Stop Telling Students Recursion is Hard

[Retric]

You can talk about "divide and conquer" but the most common problem where recursion really helps is looking at tree data structures. As then to consider looking for the total of some value stored in an XML tree.

In an iterative language it's a for loop and then calling the function on each of the children. In a Lisp it's calling it's self on the child and next node.

PS: Showing someone they can transform a recursion function into a while loop if they keep track of their own stack seems to help. Yea, you can write it that way, but recursion really is simpler. (This also helps explain what a stack really is.)

[btilly]

Yes, recursion is a natural way to walk through a recursive data structure, like a tree. However if you only know how to reach for recursion, you're completely hosed the second you need a breadth-first search instead. (I've watched candidates completely collapse when faced with that problem.)

[infinite8s]

A breadth-first search can be easily handled with recursion (in fact, I'd argue the specification is almost as simple):

  def bfs(search_node, nodes_to_visit):
      node = nodes_to_visit.pop()
      if node == search_node:
          return node
      else:
          nodes_to_visit.extend(node.neighbors)
          return bfs(search_node, nodes_to_visit)
 
  bfs(search_node, [root_node])

[btilly]

If it is so easy, why does your implementation crash if the element is not in the tree? :-P

After you fix that minor bug, you'll find that your code crashes for trees with over 1000 nodes. That is also easy to fix. But in any language without tail recursion, your implementation hits the stack hard. Which in many multi-threaded environments may not be not a wise thing to do.

All that said, I submit that you easily think of that version because you're familiar with how the recursive solution manages the stack. If you're familiar with that, then switching from dfs to bfs is just a question of replacing a stack with a queue. Compare:

  def dfs(search_node, root_node):
      nodes_to_visit = [root_node]
      while 0 < len(nodes_to_visit):
          node = nodes_to_visit.pop()
          if node == search_node:
              return node
          else:
              nodes_to_visit.extend(node.children)
      return None
  
  def bfs(search_node, root_node):
      nodes_to_visit = [root_node]
      while 0 < len(nodes_to_visit):
          node = nodes_to_visit.pop(0)
          if node == search_node:
              return node
          else:
              nodes_to_visit.extend(node.children)
      return None

Now contrast the two obvious recursive variations.

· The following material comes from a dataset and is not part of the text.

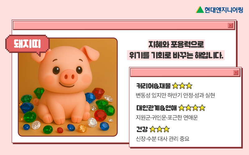 커리어&재물: 변동성이 큰 한 해이지만, 돼지띠의 낙천성과 유연함이 위기를 기회로 바꿔줍니다. 상반기에는 예상치 못한 변화가 생길 수 있지만, 직관·경험을 함께 활용하면 좋은 방향으로 흐름을 바꿀 수 있습니다. 하반기에는 분위기가 안정되기 시작하며 재물·커리어운이 실제 성과로 이어지기 좋은 시기입니다.💎

  def dfs_recursive(search_node, root_node):
      if search_node == root_node:
          return root_node
      for child_node in root_node.children:
          answer = dfs_recursive(search_node, child_node)
          if answer is not None:
              return answer
      return None

  def bfs_recursive(search_node, root_node):
      nodes_to_visit = []
      def _recurse():
          if 0 == len(nodes_to_visit):
              return None
          node = nodes_to_visit.pop()
          if node == search_node:
              return node
          else:
              nodes_to_visit.extend(node.children)
              return _recurse()
      
      return _recurse()

[infinite8s]

Well, I agree with you there. Any language that can't handle proper tail recursion makes it really difficult to safely implement a recursive solution. But I often find it easier to solve a problem with a recursive solution and perform an almost mechanical conversion into the corresponding iterative solution. (also I'm embarrassed that I forgot the edge case where the node is not in the tree)

[btilly]

We all make silly errors. Your bfs was a complicated dfs, and neither of us noticed. (In fact I copied your code and edited it, and had dfs and bfs reversed.)

Luckily I was able to edit my node to hide my variation of the error.